To understand why this moment feels so disorienting, the thought of Antonio Gramsci offers a powerful framework. Writing from prison under Mussolini’s fascist regime, Gramsci developed a theory of power that extended beyond coercion to encompass culture, civil society, and common sense itself. In his Prison Notebooks, he famously observed that a crisis occurs when the old world is dying and the new cannot yet be born, producing an interregnum filled with morbid phenomena. This was not metaphorical flourish but structural diagnosis, describing periods when foundational certainties collapse without yielding viable alternatives. Today’s overlapping crises environmental breakdown, erosion of institutional trust, fragmentation of political consensus, and the rise of algorithmic governance that replaces judgement with calculation mirror Gramsci’s interregnum with unsettling precision.

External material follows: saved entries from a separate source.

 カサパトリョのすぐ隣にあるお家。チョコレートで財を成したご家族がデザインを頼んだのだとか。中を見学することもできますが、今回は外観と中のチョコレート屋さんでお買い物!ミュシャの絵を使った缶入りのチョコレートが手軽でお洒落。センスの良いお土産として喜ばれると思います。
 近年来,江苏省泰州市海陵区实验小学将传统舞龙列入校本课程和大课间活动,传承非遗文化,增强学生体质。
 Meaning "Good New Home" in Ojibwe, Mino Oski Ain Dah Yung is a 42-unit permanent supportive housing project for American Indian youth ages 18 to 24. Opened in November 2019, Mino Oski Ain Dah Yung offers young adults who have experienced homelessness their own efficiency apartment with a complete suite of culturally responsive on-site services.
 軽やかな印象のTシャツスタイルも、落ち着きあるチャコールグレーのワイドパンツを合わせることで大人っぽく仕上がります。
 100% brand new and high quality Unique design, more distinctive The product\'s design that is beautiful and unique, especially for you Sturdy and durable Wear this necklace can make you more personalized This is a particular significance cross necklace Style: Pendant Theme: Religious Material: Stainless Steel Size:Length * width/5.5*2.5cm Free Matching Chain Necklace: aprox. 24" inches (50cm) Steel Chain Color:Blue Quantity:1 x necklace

Slavoj Žižek has similarly warned that the crisis is not temporary and that faith in history’s automatic progress is a dangerous illusion.

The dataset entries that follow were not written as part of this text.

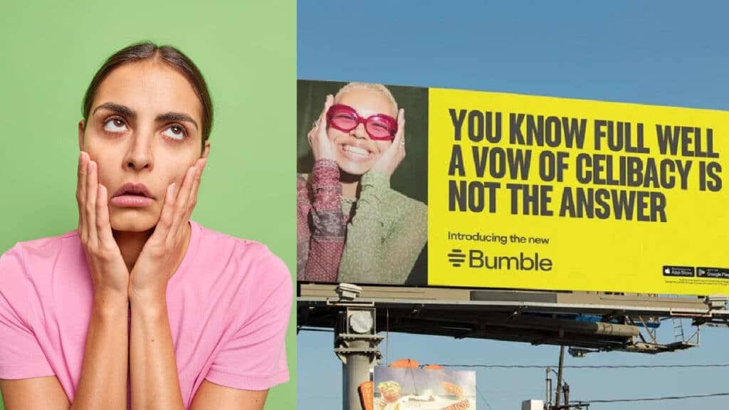 However, seeing the app’s billboards with slogans like “You know full well a vow of celibacy is not the answer” makes us think, “Who asked you?” The platform’s campaign includes tasteless jokes like a woman transforming into a nun to “swear off dating.”
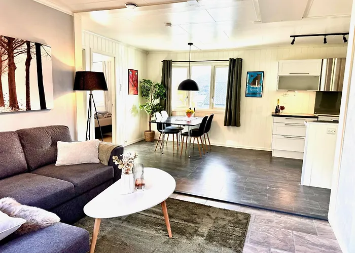 ישנו גם כן מטבח בנכס, המצויד עם מקרר, תנור וכיריים. הדירה זה כ-10 דקות נסיעה משדה תעופה טרומסו, לנגנס.
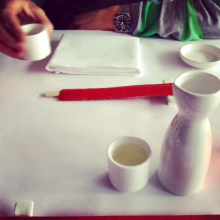 Beim Sushiladen angekommen erinnert mich das Gebäude eher an ein Barackenensemble an der Genzkontrollstelle Marienborn der DDR. (Erfahre später, das Gebäude ist als Fischhalle gebaut worden). Der Gastraum ist sehr großzügig, mit freier Sicht auf die offene Küche des Restaurants und zur Lunchzeit zu meiner Überraschung schon gut besucht. Ich studiere die Mittagskarte, sie liest sich hervorragend, tendiere zum Tunasteak „rare“ oder „blackened“ mit Tagesbeilage für ordentliche 26,50€. Allmählich dämmert mir, daß ich in einem Restaurant der gehobenen Gastronomie bin. Orientiere mich dann doch um, wir bestellen für alle neun Personen einen Sushi-Sashimi Mix mit Tempura. Also etwas, bei dem man eine interessante Variationsbreite der Küche kennenlernen kann. Als Getränk nehme ich einen heißen Sake. Der Sake ist köstlich, der Alkohol des Weins versetzt mich in eine heitere und gelassene Vorfreude auf das was da so an Köstlichkeiten kommen wird. Mein anfängliches Geknicksein ist wie weggeblasen.

Within this context, Trump’s Board of Peace becomes emblematic of the age. It claims to address global violence yet operates entirely through transactional logic, prioritising wealth over justice and offering reconstruction without accountability or genuine inclusion. Gramsci’s insights reveal this not as innovation but as re-enactment: elite domination repackaged through new mechanisms. Power, Gramsci argued, is sustained not merely by force but by consent, by intellectual and moral leadership that transforms ruling-class interests into common sense. Institutions such as family, education, and media normalise existing hierarchies, making them appear inevitable. The Board of Peace functions precisely in this way, cloaked in the language of peace-building while leaving intact the structures of inequality and global imbalance. Its model turns peace into a commodity to be purchased rather than a collective achievement grounded in justice, echoing what Gramsci called trasformismo, the absorption of dissent into frameworks that neutralise radical challenge while preserving the status quo.
Escaping this impasse requires recognising that the current quagmire is not reducible to one flawed leader or theatrical politics alone. It reflects the deeper collapse of hegemonic frameworks that once lent coherence to societies. The old liberal order, with its faith in institutions and incremental reform, no longer commands loyalty, while the new order struggles to articulate a unifying vision capable of linking ecological, economic, racial, and cultural struggles into a coherent emancipatory project. To confront the Trump phenomenon as a portal, a threshold through which history may descend into annihilation or re-emerge in radically different form, is to embrace Gramsci’s insistence that politics is fundamentally a struggle for meaning and direction. A genuinely Gramscian response would move beyond denunciation toward the construction of counter-hegemony: alternative institutions, narratives, and practices that cultivate new forms of popular consent. It would link ecological justice with economic democracy, affirm the agency of ordinary people, and reject the commodification of peace. Gramsci’s enduring maxim, pessimism of the intellect and optimism of the will, captures the task ahead with stark clarity. Without a new organised political subject capable of turning analysis into sustained transformative force, the interregnum will persist, and the world will remain suspended between the decay of the old and the stillborn promise of the new.